Differentiation of monocytes on a degradable, polar, hydrophobic, ionic polyurethane: Two-dimensional films vs. three-dimensional scaffolds.

A degradable, polar, hydrophobic, ionic polyurethane (D-PHI), with physical properties comparable to those of peripheral arterial vascular tissue, was evaluated for monocyte interactions with two different physical forms: two-dimensional films and three-dimensional porous scaffolds. Monocytes, isolated from human whole blood, were seeded onto D-PHI films and scaffolds, and differentiated to monocyte-derived macrophages (MDM) for up to 28 days. The effect of surface structure on the MDM phenotype was assessed by assaying: cell attachment (DNA), activation (intracellular protein expression, esterase and acid phosphatase (AP) activity) as well as pro- and anti-inflammatory cytokines (TNF-α and IL-10, respectively).

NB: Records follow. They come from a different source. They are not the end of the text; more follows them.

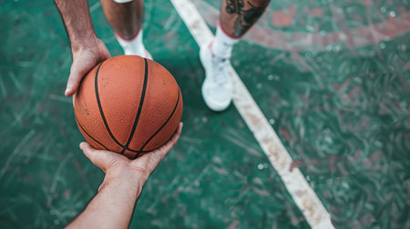 Basketball jump ball, outdoor, close-up hands. Generative AI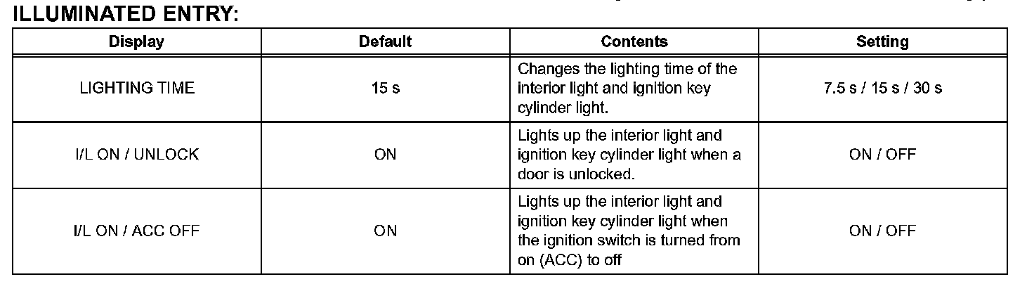 HINT: The function only changes the entry unlock mode of the smart key system. It does not switch the unlocking of the wireless door lock control.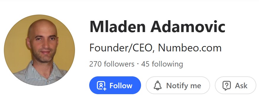 Since 2012, Numbeo has been incorporated as NUMBEO DOO Beograd-Palilula LLC, led by Mladen Adamović. Adamović has stated that the site’s revenue is derived from advertising and API subscriptions.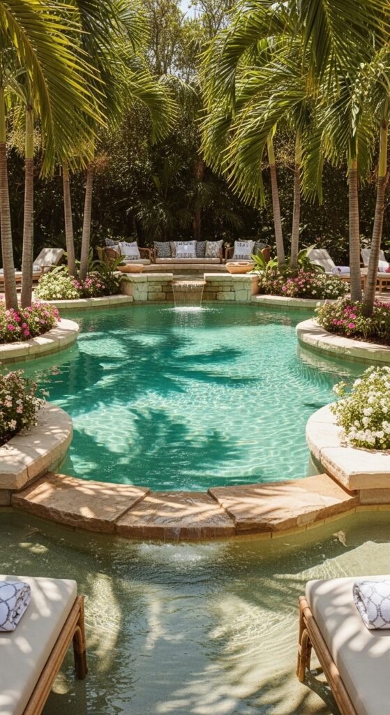 Tall palms and layered foliage create privacy and depth, while sandy edges and a natural stone waterfall give the water that hidden lagoon feel. Bright blooms in pink and white offset the green, sunlight filtering through leaves bathes the space in warmth. Paired-back furnishings — rattan loungers, crisp towels, patterned cushions — keep the focus on nature’s show.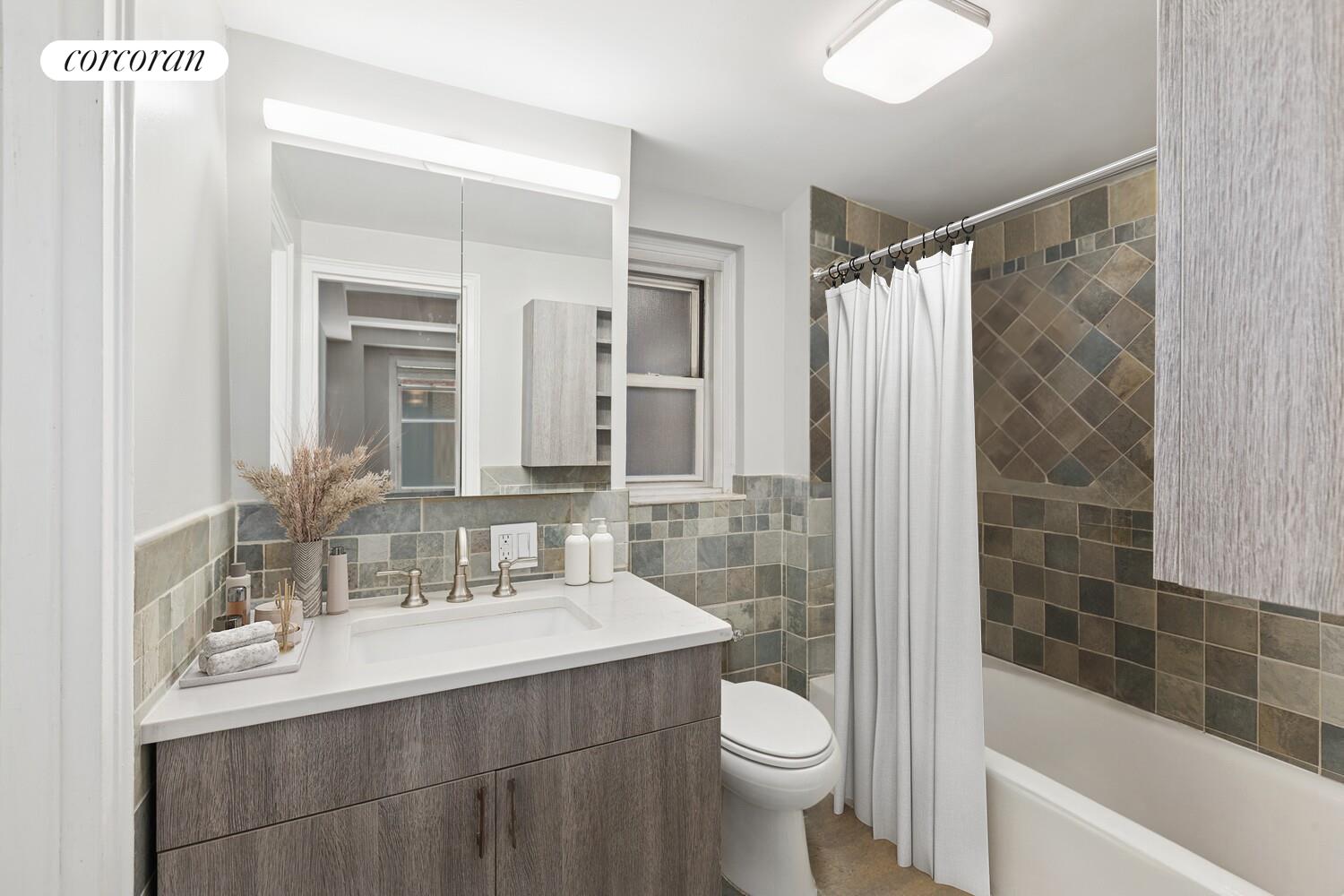 This home features a spacious living room and renovated kitchen with marble breakfast bar, Sub-Zero refrigerator, and stainless-steel appliance suite. The bedroom includes a built-in closet and ensuite bathroom, southern exposures.

The cells on scaffolds exhibited an initial peak in total protein synthesized per DNA at 3 days; however, both substrates generated similar protein levels per DNA at all other time points. While scaffolds generated more esterase and AP per cell than for films, the cells on films expressed significantly more of these two proteins relative to their total protein produced. At day 7 (acute phase of monocyte activation), cells on films were significantly more activated than monocytes on the scaffolds as assessed by cell morphology and tumor necrosis factor-α and interleukin-10 levels. Histological analysis of scaffolds showed that cells were able to migrate throughout the three-dimensional matrix. By inducing a low inflammatory, high wound-healing phenotype monocyte, the negative effects of the foreign body reaction in vivo may be controlled in a manner possible to direct the vascular tissue cells into the appropriate functional phenotypes necessary for successful tissue engineering.